What to do – Every line below from the one containing "DreamWorks Trolls Copyright" through the one containing "10-16 พ.ย. 2568" is to be printed exactly, with the pictures omitted.

Records supplied –
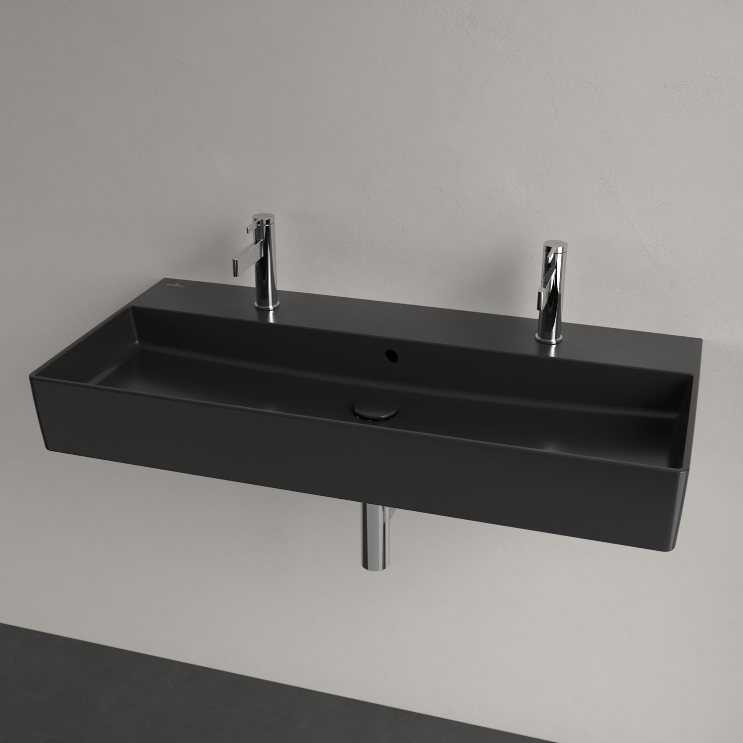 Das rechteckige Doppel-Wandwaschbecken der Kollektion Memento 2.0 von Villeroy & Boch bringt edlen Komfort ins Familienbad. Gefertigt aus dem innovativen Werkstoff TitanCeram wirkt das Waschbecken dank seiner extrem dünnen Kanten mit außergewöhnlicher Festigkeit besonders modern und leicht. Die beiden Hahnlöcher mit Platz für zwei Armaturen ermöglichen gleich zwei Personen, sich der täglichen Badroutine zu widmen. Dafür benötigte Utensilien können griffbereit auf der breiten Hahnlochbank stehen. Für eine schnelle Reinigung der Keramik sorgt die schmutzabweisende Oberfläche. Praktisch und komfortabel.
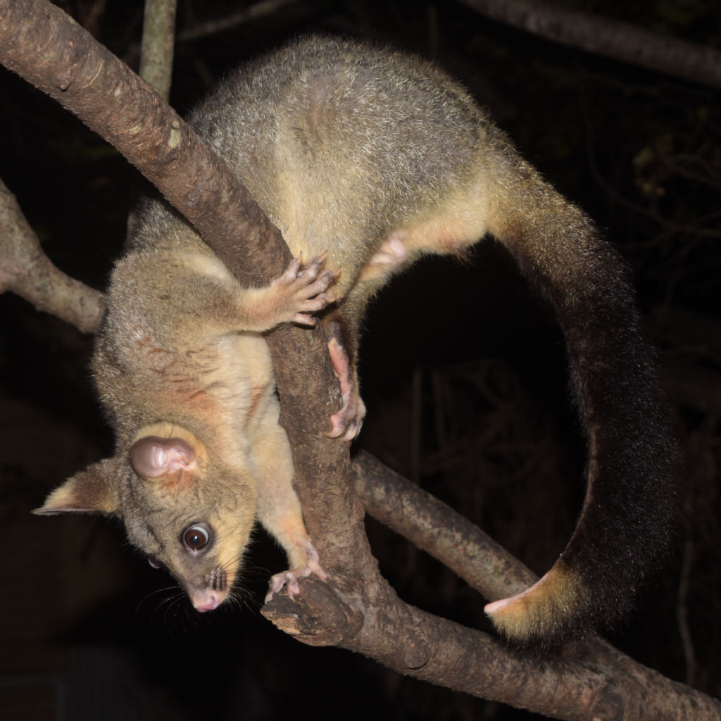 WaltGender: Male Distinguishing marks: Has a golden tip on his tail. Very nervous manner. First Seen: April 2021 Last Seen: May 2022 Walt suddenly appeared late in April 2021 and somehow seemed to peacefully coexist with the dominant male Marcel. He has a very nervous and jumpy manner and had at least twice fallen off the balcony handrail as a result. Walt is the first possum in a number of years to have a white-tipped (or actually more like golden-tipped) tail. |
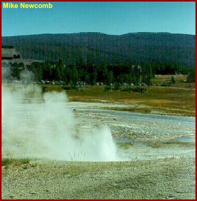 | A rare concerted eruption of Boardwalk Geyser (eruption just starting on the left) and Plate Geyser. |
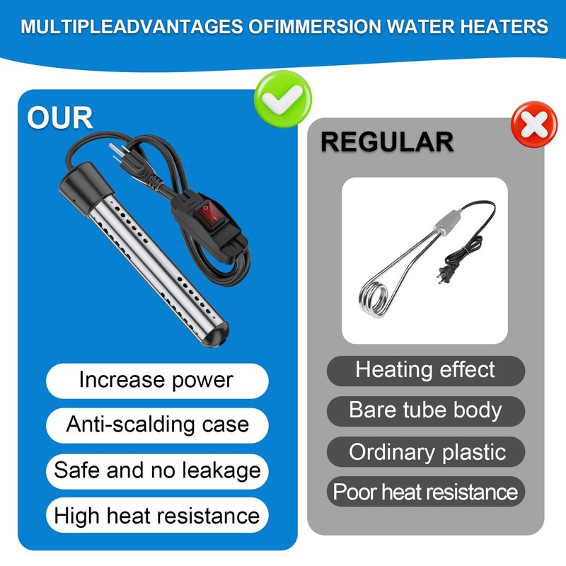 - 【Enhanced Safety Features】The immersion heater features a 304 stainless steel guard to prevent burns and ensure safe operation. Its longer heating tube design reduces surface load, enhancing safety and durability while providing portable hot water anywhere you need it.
---
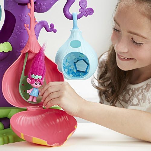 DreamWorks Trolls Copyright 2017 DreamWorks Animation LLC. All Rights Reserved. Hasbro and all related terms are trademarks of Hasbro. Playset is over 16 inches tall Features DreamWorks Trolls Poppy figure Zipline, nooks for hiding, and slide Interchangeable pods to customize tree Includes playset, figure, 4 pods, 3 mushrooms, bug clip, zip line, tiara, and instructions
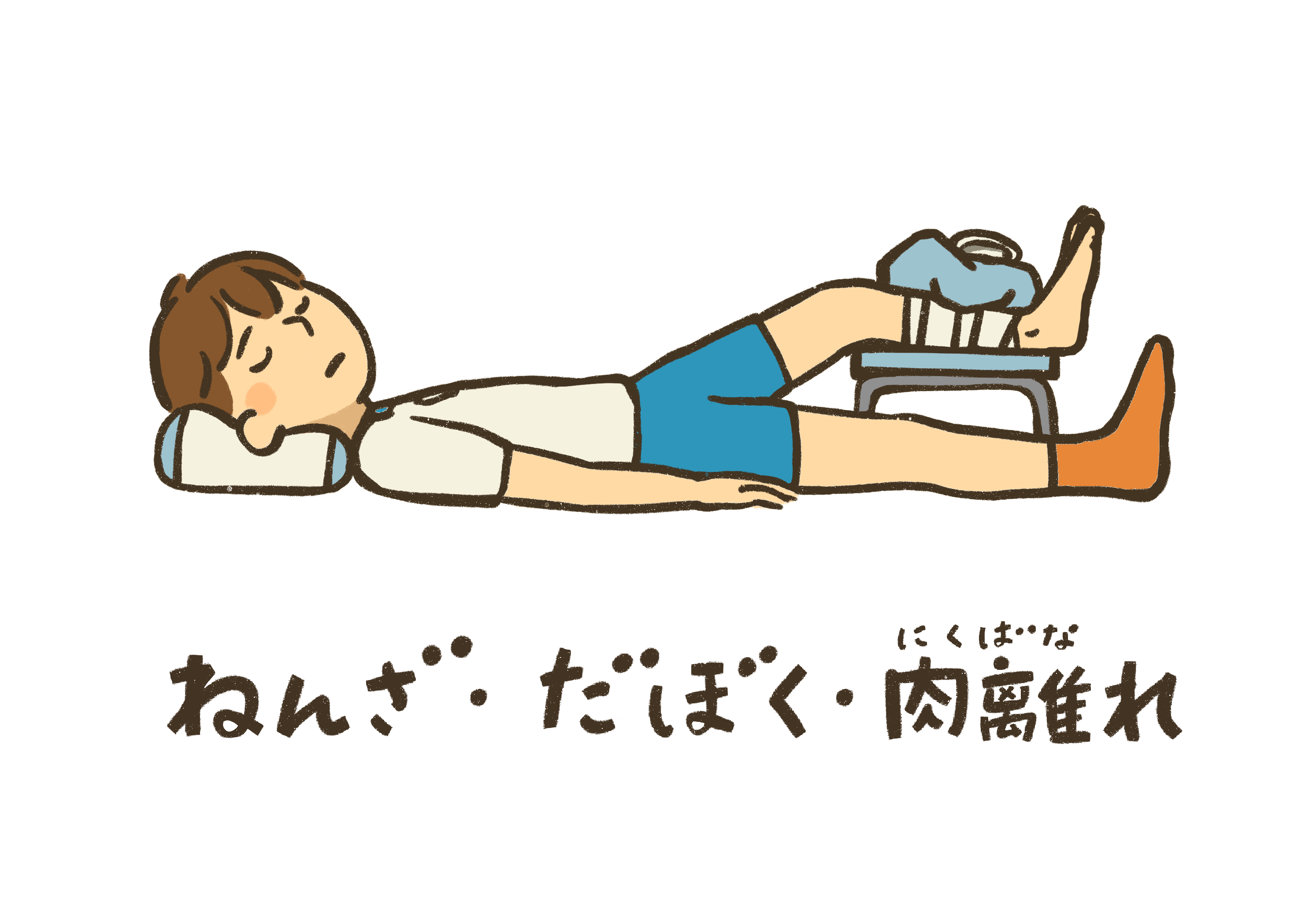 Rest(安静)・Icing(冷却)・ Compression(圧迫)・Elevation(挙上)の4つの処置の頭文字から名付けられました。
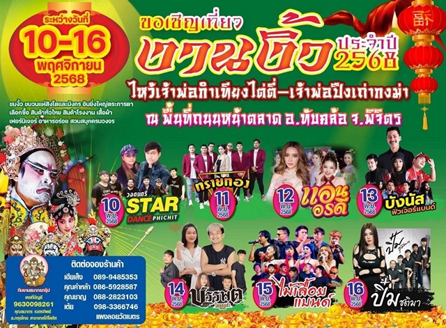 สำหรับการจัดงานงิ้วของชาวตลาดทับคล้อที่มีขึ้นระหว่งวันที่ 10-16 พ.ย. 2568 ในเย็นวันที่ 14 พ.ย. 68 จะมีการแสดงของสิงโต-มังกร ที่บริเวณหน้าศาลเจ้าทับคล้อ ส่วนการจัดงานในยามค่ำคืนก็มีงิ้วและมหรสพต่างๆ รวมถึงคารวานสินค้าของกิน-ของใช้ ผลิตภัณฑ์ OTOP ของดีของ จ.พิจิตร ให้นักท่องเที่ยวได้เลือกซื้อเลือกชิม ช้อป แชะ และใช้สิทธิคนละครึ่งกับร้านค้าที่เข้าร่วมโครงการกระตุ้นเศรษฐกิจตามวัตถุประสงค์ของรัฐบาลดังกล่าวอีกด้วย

Answer for this exercise –
 DreamWorks Trolls Copyright 2017 DreamWorks Animation LLC. All Rights Reserved. Hasbro and all related terms are trademarks of Hasbro. Playset is over 16 inches tall Features DreamWorks Trolls Poppy figure Zipline, nooks for hiding, and slide Interchangeable pods to customize tree Includes playset, figure, 4 pods, 3 mushrooms, bug clip, zip line, tiara, and instructions
 Rest(安静)・Icing(冷却)・ Compression(圧迫)・Elevation(挙上)の4つの処置の頭文字から名付けられました。
 สำหรับการจัดงานงิ้วของชาวตลาดทับคล้อที่มีขึ้นระหว่งวันที่ 10-16 พ.ย. 2568 ในเย็นวันที่ 14 พ.ย. 68 จะมีการแสดงของสิงโต-มังกร ที่บริเวณหน้าศาลเจ้าทับคล้อ ส่วนการจัดงานในยามค่ำคืนก็มีงิ้วและมหรสพต่างๆ รวมถึงคารวานสินค้าของกิน-ของใช้ ผลิตภัณฑ์ OTOP ของดีของ จ.พิจิตร ให้นักท่องเที่ยวได้เลือกซื้อเลือกชิม ช้อป แชะ และใช้สิทธิคนละครึ่งกับร้านค้าที่เข้าร่วมโครงการกระตุ้นเศรษฐกิจตามวัตถุประสงค์ของรัฐบาลดังกล่าวอีกด้วย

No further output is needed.